Saturday, January 22, 2011

Shaolin: philosophy that packs a punch

As I was watching Shaolin, I couldn't help thinking of the villagers constantly running back and forth towards one tragedy or another. Their lives are seriously wretched, consuming all the mantou buns the Shaolin temple can provide them from an ever-dwindling rice store, yet not really contributing anything useful in return. Every time the villagers raise a lament (which is quite often) the monks risk life and limb to make them happy again (which isn't for long).

That Shaolin stars Andy Lau, Nicholas Tse and Jackie Chan, but I'm thinking more about the plights of the nameless extras makes this movie quite extraordinary. Lau, Tse and Chan do play very strong and compelling characters, however as this movie is an ensemble piece, they and their supporting cast play very integral roles and no one star pulls attention away from another -- not even Tse with his whimsical pseudo-European military garb and manga-inspired hairdo.

If not for the villagers, there would be no point to the wars fought over them, no opportunity for the monks to display compassion and heroism towards their fellow human beings. The Generals fight each other for the power to exploit the seemingly inexhaustible human resource before them, the monks are bound to protect the flock and feed its insatiable hunger gathered outside its gates.

Lau's character, General Huo, experiences both sides. His reversal of fortunes brings him down from a warlord with everything to an outcast with a price on his head. But this reduction to zero is also the beginning of his redemption as a person when he learns to stop thinking of himself and instead start placing others's needs before his own -- even if they are the unending needs of the hopeless, hapless and practically useless villagers.

There is also wisdom in discerning what can be helped and what can not. Times may call for first aid, others for last rites, and sometimes no action at all can help a situation. Fortunately for the cinema audience there are lots of opportunities where kung fu fighting is the order of the day for the monks to show off their close-up hand-to-hand skills against gun wielding enemies.

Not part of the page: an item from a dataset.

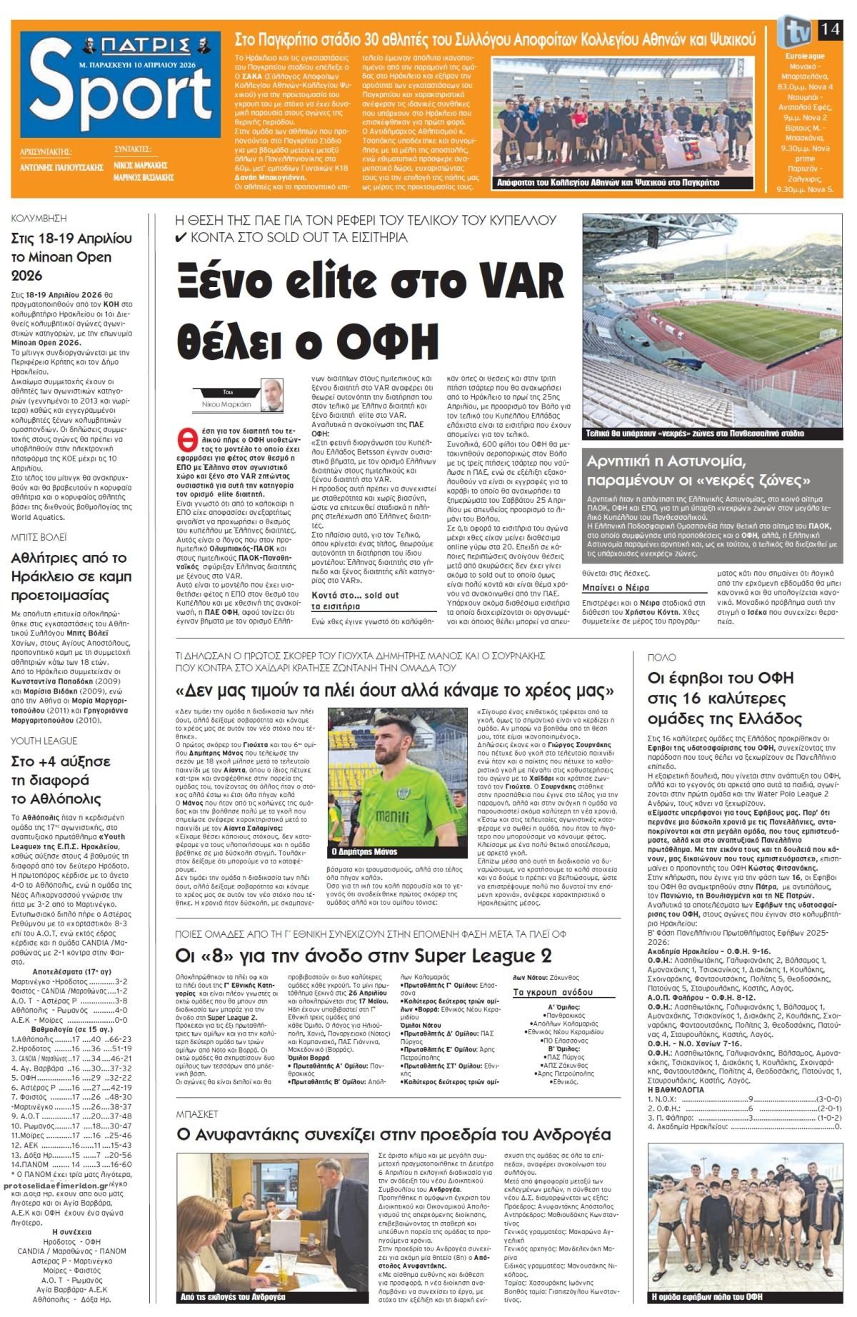 share Οι αθλητικές εφημερίδες 10/4/2026 δημοσιεύτηκε: 08:50 , 10 Απριλίου 2026 Επικαιρότητα Διαβάστε τα πρωτοσέλιδα από τις αθλητικές εφημερίδες, σήμερα 10/4/2026. #ΑΘΛΗΤΙΚΕΣ ΕΦΗΜΕΡΙΔΕΣ #ΕΦΗΜΕΡΙΔΕΣ #ΠΡΩΤΟΣΕΛΙΔΑ share Σχόλια Αναγνωστών σχολίασε και εσύ Ακολουθήστε το στο Google News και μάθετε πρώτοι όλες τις ειδήσεις Δείτε όλες τις τελευταίες Ειδήσεις από την Ελλάδα και τον Κόσμο στο Ροή Οικονομία Επιχειρήσεις Επικαιρότητα 39 λεπτά πριν Αυτοκίνητο: Χρήσιμες συμβουλές για να το φορτώσετε σωστά και με ασφάλεια πριν από το ταξίδι 1 ώρα πριν e-ΔΛΑ: Τι αλλάζει στην ηλεκτρονική εφαρμογή 5 ώρες πριν Κορυφώνονται οι πασχαλινές αγορές: Πώς θα λειτουργήσουν σήμερα και αύριο τα καταστήματα σε Αθήνα,... 5 ώρες πριν Κορυφώνονται οι πασχαλινές αγορές: Πώς θα λειτουργήσουν σήμερα και αύριο τα καταστήματα σε Αθήνα,... 15 ώρες πριν Τράπεζες: Κλειστές από αύριο έως και τη Δευτέρα του Πάσχα -Τι θα ισχύσει για τις συναλλαγές 16 ώρες πριν ΔΥΠΑ: 800 θέσεις εργασίας από 30 επιχειρήσεις – Αναλυτικά οι ειδικότητες 2 ημέρες πριν ΑΔΜΗΕ: Στα 304 εκατ. ευρώ τα λειτουργικά κέρδη το 2025-Δείτε αναλυτικά τα στοιχεία 4 ημέρες πριν ΔΕΗ: Ολοκληρώθηκε η κατασκευή των φωτοβολταϊκών σταθμών ισχύος 2,13 GW στη Δυτική Μακεδονία 5 ημέρες πριν Euronext Athens: Το νέο στοίχημα, τα οφέλη της αναβάθμισης και οι επιφυλάξεις 1 ώρα πριν e-ΔΛΑ: Τι αλλάζει στην ηλεκτρονική εφαρμογή 2 ημέρες πριν Γιατρός: Τι αλλάζει με την τροποποίηση του συστήματος παραπομπών και πώς θα κλείνουμε ραντεβού... 3 ημέρες πριν Πάσχα 2026: Σε ποιους επιστρέφονται οι άδειες οδήγησης ENIKOS NETWORK Χαβάη: Εντυπωσιακές εικόνες από την έκρηξη του ηφαιστείου Κιλαουέα – Λάβα εκτοξεύτηκε σε ύψος 190 μέτρων ΑΠΘ: Αποσωληνώθηκε ο 19χρονος φοιτητής που είχε προσβληθεί από μικροβιακή μηνιγγίτιδα – Τα νεότερα για την υγεία του ΠΟΕΔΗΝ: Θετική εξέλιξη για την πορεία της υγείας του 19χρονου φοιτητή με μηνιγγίτιδα Καθηγητής εξηγεί τι κάνει για να προστατευτεί από τον καρκίνο: «Αρκούν δυο κινήσεις» Σταθερότητα στο Καθιερωμένο Πρότυπο: Η νέα μέτρηση της μάζας του μποζονίου W Τέλος εποχής για τα παλαιότερα Kindle της Amazon περισσότερα 20:20 , 25 Μαρτίου 2026 || ΑΑΔΕ: Εξαρθρώθηκε διεθνές δίκτυο λαθρεμπορίου τσιγάρων – Το modus operandi και οι «tobacco mules» Ένα οργανωμένο και πολυεπίπεδο διεθνές δίκτυο που δραστηριοποιούνταν στο λαθρεμπόριο τσιγάρων, εξ... 09:30 , 22 Μαρτίου 2026 || Με τη Realnews που κυκλοφορεί: Instyle – Μαζί Drive Αυτή την Κυριακή με τη Realnews: Instyle – Μαζί Drive InStyle Η Βάσω Λασκαράκη, ο Jude Law, ο Γι... 09:10 , 12 Ιανουαρίου 2026 || Καιρός: Χιόνια και πολικές θερμοκρασίες σήμερα – Η πρόγνωση της ΕΜΥ Έντονο κύμα ψύχους θα επικρατήσει στη χώρα τη Δευτέρα με χαμηλές θερμοκρασίες. Χιονοπτώσεις αναμέ... 09:03 , 8 Δεκεμβρίου 2025 || Καιρός: Ισχυρές βροχές και καταιγίδες στην Κρήτη σήμερα – Αναλυτική πρόγνωση ανά περιοχή Ισχυρές βροχές και καταιγίδες προβλέπονται σήμερα, Δευτέρα 8 Δεκεμβρίου 2025 στη βόρεια Κρήτη σύμ... 15:10 , 23 Νοεμβρίου 2025 || Αυτή την Κυριακή με τη Realnews: Δωροεπιταγή 10€ Δωροεπιταγή αξίας 10€ για αγορές άνω των 60€ από τα πολυκαταστήματα Factory Outlet. H προσφορά ισ... 09:40 , 23 Νοεμβρίου 2025 || Αυτή την Κυριακή με τη Realnews: Instyle, μαζί Drive Αυτή την Κυριακή με τη Realnews: Instyle, μαζί Drive Instyle Η Κατερίνα Παπουτσάκη, η Helena Bac... 17:49 , 24 Σεπτεμβρίου 2025 || Ελληνικές Υπεραγορές Σκλαβενίτης: Τι απαντά για το πρόστιμο ύψους 1,44 εκατ. ευρώ Ανακοίνωση εξέδωσε η “Ελληνικές Υπεραγορές Σκλαβενίτης” σχετικά με το πρόστιμο ύψους ... 10:16 , 21 Σεπτεμβρίου 2025 || Σήμερα με τη Realnews: Ins

But kicks, punches and chops cannot save the day. Though destruction and sacrifice are inevitable and constant, they are also a necessary starting point for reconstruction and transformation. The other constant is the people and their continued suffering but, as Huo learns, compassion and charity are the key to transcending the common mass, thus finding peace.

So much philosophy resonating ideas from Eastern religion, Socratic thought and the Sith-Jedi conflict neatly packaged in great cinematography; each shot lovingly, occasionally indulgently crafted, rich with an emotionally powerful aesthetic. My first movie viewing of 2011 was quite a mind-blowing experience. Hope it's a sign of more movie greatness to come.